Now is a time for courage, not submission
Walter M. Shaub Jr.
In the 1940s a generation of Americans defeated fascist powers. This week a simple majority of American voters submitted to a fascist leader who has expressed admiration for Hitler’s generals and aspires to destroy representative government. Rejecting the very reason for the Revolutionary War, his supporters traded a president for a ruler. Some of them didn’t believe the warnings. Others—those whose souls are stained with bigotry, greed, and fear—relished the chance to kneel before a cruel and immoral despot.
Donald Trump, too, is submissive. He is the blushing coward whose unrequited adoration for Vladimir Putin was apparent in Helsinki, the dupe who “fell in love” with Kim Jong Un, and the hype man for Viktor Orbán. He may well, in his weakness, cede influence over the budget to Elon Musk, a government contractor who is a conflict of interest incarnate. Trump’s own conflicts of interest are worse than last time, and his appointees won’t worry about ethics rules being enforced against them.
His supporters will suffer from his incompetence with the rest of us. His management skills haven’t improved since he bungled the pandemic response with deadly results. His plot to round up millions of immigrants will certainly also be deadly, like his smaller prior effort. If Trump musters the nerve to wage his promised trade wars, consumer costs will soar and exports will lag. Anyone who thinks the mix of autocracy, corruption, ineptitude, and chaos will be good for the economy is in for a surprise—anyone who isn’t a billionaire, that is.

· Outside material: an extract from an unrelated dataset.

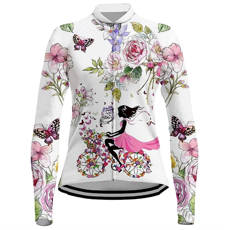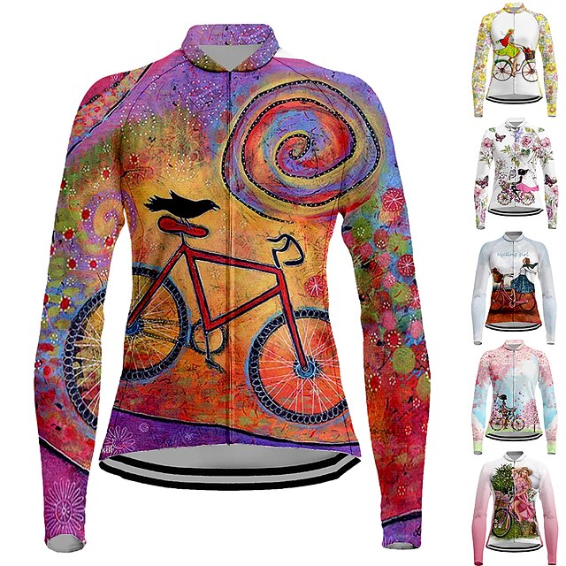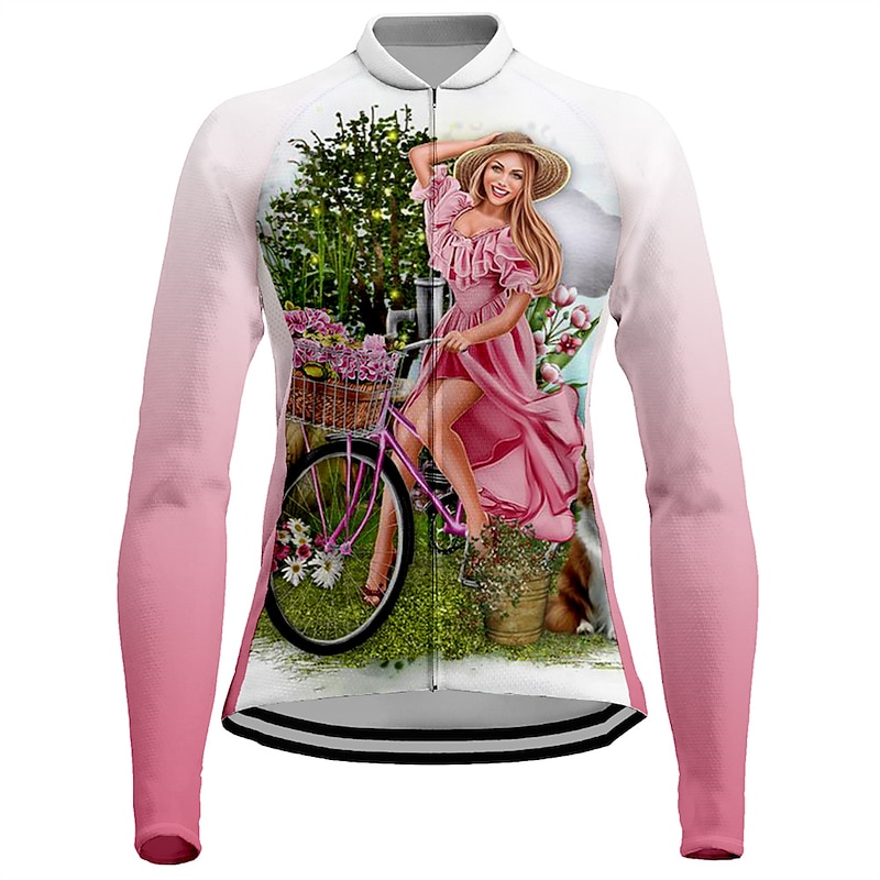 popular ! Women's Cycling Jersey Dog Funny Long Sleeve Bike Jersey Top with 3 Rear Pockets Mountain Bike MTB Road Bike Cycling expedient Dry Reflective Strips Back Pocket Moisture Wicking Sports White Yellow Pink
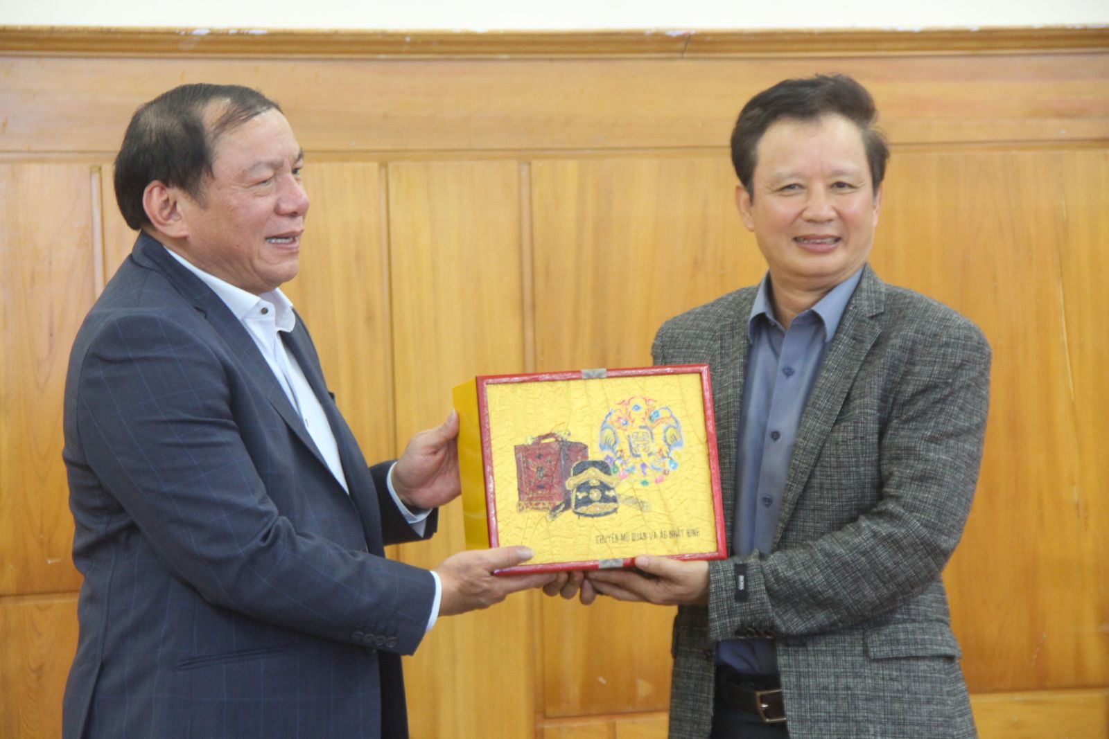 Bí thư Tỉnh ủy Lê Trường Lưu tặng quà lưu niệm cho Bộ trưởng Nguyễn Văn Hùng

Trump’s scheme to politicize the federal workforce, meanwhile, is a potent formula for institutionalizing corruption and incompetence. The justice system will become a weapon of political oppression. Thanks to the fringe-right Supreme Court justices who recently invented presidential immunity, no one knows how many crimes he will commit. Trump’s signature innovation may be unleashing the military on civilians inside our borders.
For all that, now is a time for courage, not submission. The great civil rights leaders had little reason to believe they could change this country, but for several decades their struggle gave hope that all might taste democracy. We must be like them.